One big question that many expectant couples have is whether induction leads to a higher rate of C-sections—and the answer isn’t quite clear.
“The association between inductions and C-sections doesn’t seem to hold as strongly as it used to,” says Dy. New research suggests that an induction at 39 weeks actually leads to a lower C-section rate, lower infant mortality and fewer blood pressure problems for women. Some of those studies point to a lower rate of admission to the NICU, while others found a slightly higher rate.
Some women are wary of induction because of wanting to “avoid that cascade of intervention, where one intervention can potentially kick-start another, like continuous monitoring,” says Harris. Women who are experiencing stronger, more intense contractions than they'd anticipated may change their minds and elect to have an epidural.
Induction may not be right for you if you have had a previous C-section or other major uterine surgery and are attempting a vaginal birth after Caesarian (VBAC) due to the risk of uterine rupture; if your placenta is blocking the cervix (known as placenta previa); if you have an active genital herpes outbreak; or if your baby is breech or transverse (bum down or lying sideways in the uterus).
If you have a midwife, she may have some approaches that she would like to use first, including the stretch and sweep (described above). “We sometimes offer our clients a ‘labour cocktail,’ which is castor oil, verbena oil, apricot juice and almond butter blended into a smoothie,” says Harris. “That can sometimes get labour going without needing oxytocin. We don’t have published evidence around dosage or safety, but anecdotally we see that it’s quite safe and that’s why we offer it.” (This kind of smoothie also gets the bowels moving, which is thought to trigger contractions. But it can also lead to vomiting and diarrhea, so some midwives don’t recommend castor oil to their patients at all.)

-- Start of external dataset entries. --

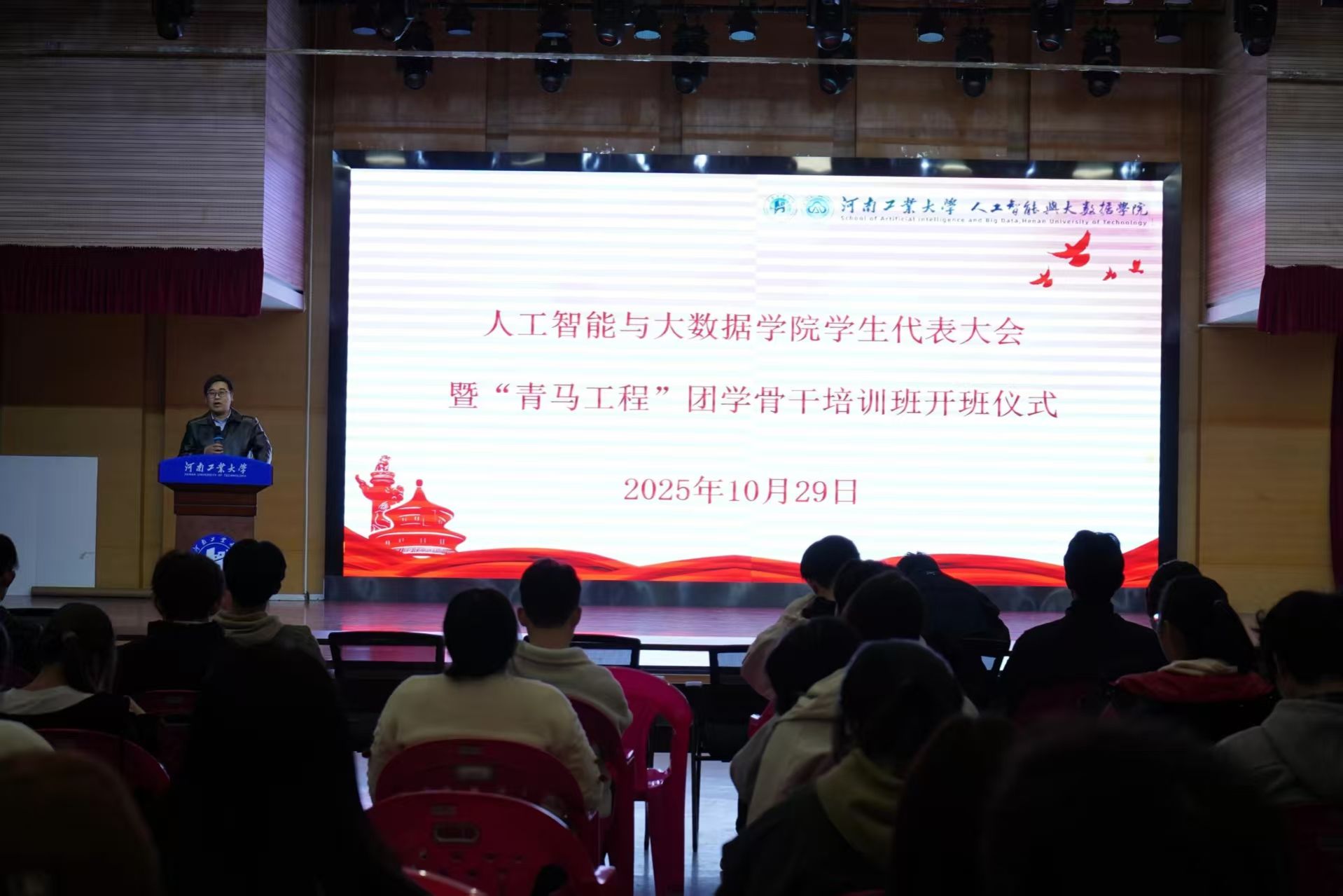 学生代表大会结束后,党委副书记赵志洋以《做新时代坚定的青年马克思主义者》为题展开了“青马工程”团学骨干培训班第一讲。他强调新时代青年要筑牢信仰之基、深化理论武装、坚持知行合一。结合人工智能技术迅猛发展的时代背景,他鼓励学生要将专业学习与社会实践深度融合,在服务社会与同学中增长才干,在民族复兴赛道上奋勇争先。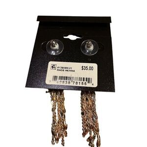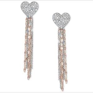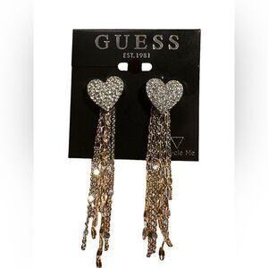 NWT Guess Two-Tone Crystal Chain Fringe Drop 2.5” Earrings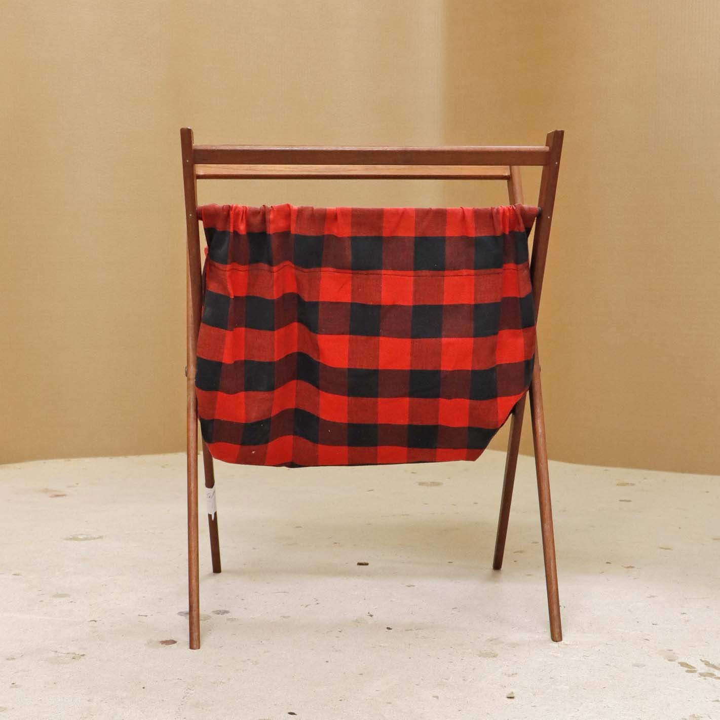 Magasinholder med stel i teaktræ med påmonteret bomuldsstof med mønster af røde og sorte tern. Holderen har to indvendige lommer langs den ene side. Kan også bruges til garn. Holderen kan klappes sammen.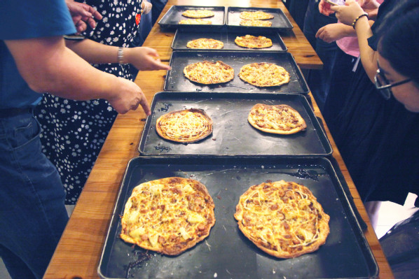 等待披萨出炉的过程中,新进青年教师们围坐一起,交流披萨制作感受,现场气氛其乐融融。工会主席高功辉还对新成立的青年教师联谊会做了简单介绍,希望青年教师积极参与青年教师联谊会的活动。

Some traditional midwives, like Indigenous midwives, may use an herbal tea called blue cohosh to induce labour, but talk to your care provider beforehand. Blue cohosh tea should only be used under a midwife’s supervision.
Harris may also refer patients for acupuncture because some studies have found that it’s a low-risk, painless way to help with cervical ripening.
Nipple stimulation, either manually or with a breast pump, is another anecdotal approach. “Nipple stimulation causes the release of oxytocin, which is the hormone that causes contractions, and it can sometimes kick-start labour,” says Harris. “We may recommend it if someone’s water has broken but they haven’t had contractions yet or in a labour that’s slowed down a bit.”
Everyone’s approach to labour is a little different. Destinee Heikkinen, a mom of four, knows a fair bit about trying to get labour started—all her pregnancies were close to 42 weeks. “With my oldest two kids, who were 10 and 12 days past due, my midwife did multiple stretch and sweeps in the days leading up to and past my due date,” she says. “When these didn’t start labour, I was referred to an OB-GYN, who used the prostaglandin gel. That was enough to start contractions, and I didn’t need the oxytocin.” With her fourth baby, who was five days post-term, Heikkinen tried all kinds of natural ways to kick-start labour (sex, daily walks, spicy food), but she credits a smoothie of castor oil, lemon tea, almond butter and apricot juice for starting labour six hours after she drank it.
The bottom line: Labour, like parenting, is unpredictable and messy. The best thing you can do is arm yourself with information to help with decision-making every step of the way.